===== Record set =====

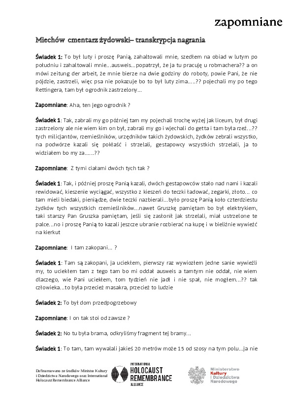 Materiały dotyczące żydowskich grobów wojennych w Miechowie (transkrypcje zeznań świadków, pliki video i audio z relacjami świadków) zostały opracowane dzięki dofinansowaniu ze środków Stowarzyszenia Żydowski Instytut Historyczny w ramach projektu “Żydowskie groby wojenne. Dokumentacja.”
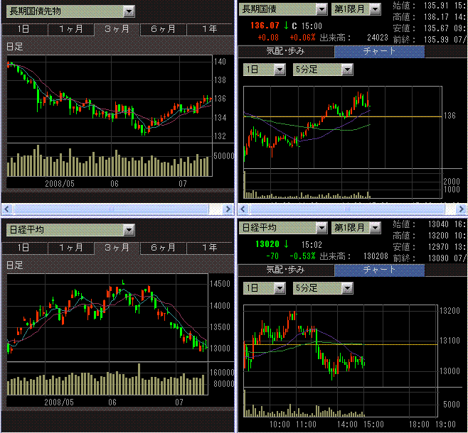 朝方に、フレディマックとファニーメイへの支援策が発表されたことからGLOBEX米株価先物が大幅高し、日経平均もCMEの終値よりも高くはじまりました。前場引けにかけて上げ幅を拡大し、13200円に迫る場面もありましたが、GLOBEX米株価先物の動きがふらふらしてたことやアジア株が下がってきたことから、日経平均も前日比マイナスへの沈んでいき、結局小幅安で引けました。業種別では鉄鋼株が強かったです。
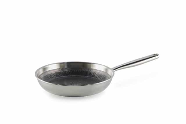 Zoals de naam al doet vermoeden is deze koekenpan uit de Habonne Hybrid lijn een hybride pan. Hybride betekend in dit geval een mix van een rvs- en een antikleefpan. De drielaags pan (tri-ply) is voorzien van een 100% PFAS vrije keramische coating. Deze coating ligt iets verdiept in het hexagon motief waardoor deze goed bestand is tegen krassen en beschadigingen. Een pan voor jaren die ook nog eens een mooie korst op je product bakt en gemakkelijk in de reiniging is. Vanzelfsprekend te gebruiken op alle warmtebronnen. 10 jaar fabrieksgarantie
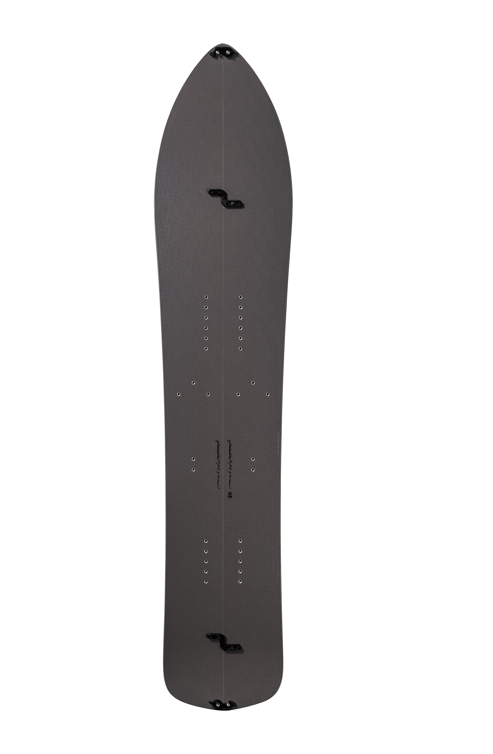 ウッドコア、不等厚、トップシート素材と、そのすべてにおいてスプリットボード用に最適化し、そのうえでベースとなるモデルの性格を最大限引き出す設計となっています。
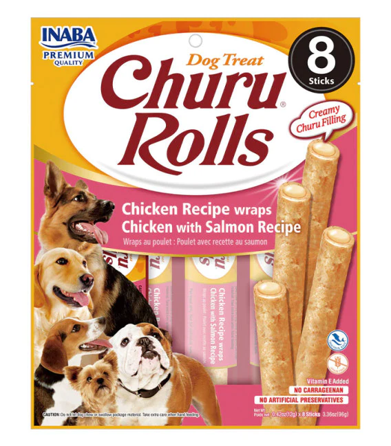 Inaba Churu Rolls, Snack para Perros, Sabores Pollo y Pollo/Salmón, 8 un, bolsa de 96 gr
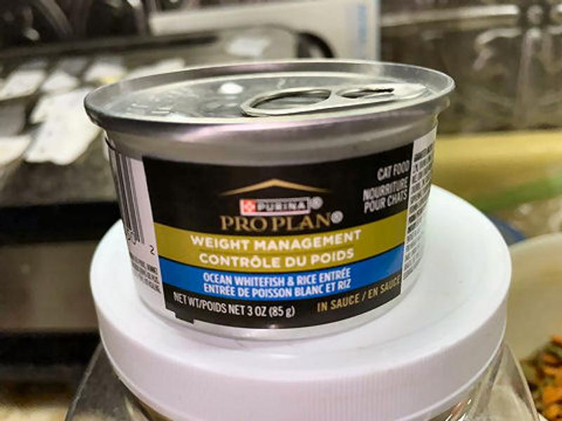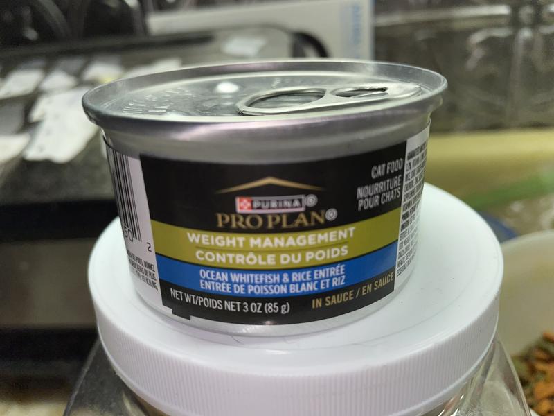 - Purina Pro Plan Weight Management Salmon & Rice Entree in Sauce Wet Cat Food, 3-oz can, case of 24$47.04 Chewy Price$50.16 List Price$44.69 Autoship Price

=====

In your copy, include no pictures, but set down every record exactly.

 Materiały dotyczące żydowskich grobów wojennych w Miechowie (transkrypcje zeznań świadków, pliki video i audio z relacjami świadków) zostały opracowane dzięki dofinansowaniu ze środków Stowarzyszenia Żydowski Instytut Historyczny w ramach projektu “Żydowskie groby wojenne. Dokumentacja.”
 朝方に、フレディマックとファニーメイへの支援策が発表されたことからGLOBEX米株価先物が大幅高し、日経平均もCMEの終値よりも高くはじまりました。前場引けにかけて上げ幅を拡大し、13200円に迫る場面もありましたが、GLOBEX米株価先物の動きがふらふらしてたことやアジア株が下がってきたことから、日経平均も前日比マイナスへの沈んでいき、結局小幅安で引けました。業種別では鉄鋼株が強かったです。
 Zoals de naam al doet vermoeden is deze koekenpan uit de Habonne Hybrid lijn een hybride pan. Hybride betekend in dit geval een mix van een rvs- en een antikleefpan. De drielaags pan (tri-ply) is voorzien van een 100% PFAS vrije keramische coating. Deze coating ligt iets verdiept in het hexagon motief waardoor deze goed bestand is tegen krassen en beschadigingen. Een pan voor jaren die ook nog eens een mooie korst op je product bakt en gemakkelijk in de reiniging is. Vanzelfsprekend te gebruiken op alle warmtebronnen. 10 jaar fabrieksgarantie
 ウッドコア、不等厚、トップシート素材と、そのすべてにおいてスプリットボード用に最適化し、そのうえでベースとなるモデルの性格を最大限引き出す設計となっています。
 Inaba Churu Rolls, Snack para Perros, Sabores Pollo y Pollo/Salmón, 8 un, bolsa de 96 gr
 - Purina Pro Plan Weight Management Salmon & Rice Entree in Sauce Wet Cat Food, 3-oz can, case of 24$47.04 Chewy Price$50.16 List Price$44.69 Autoship Price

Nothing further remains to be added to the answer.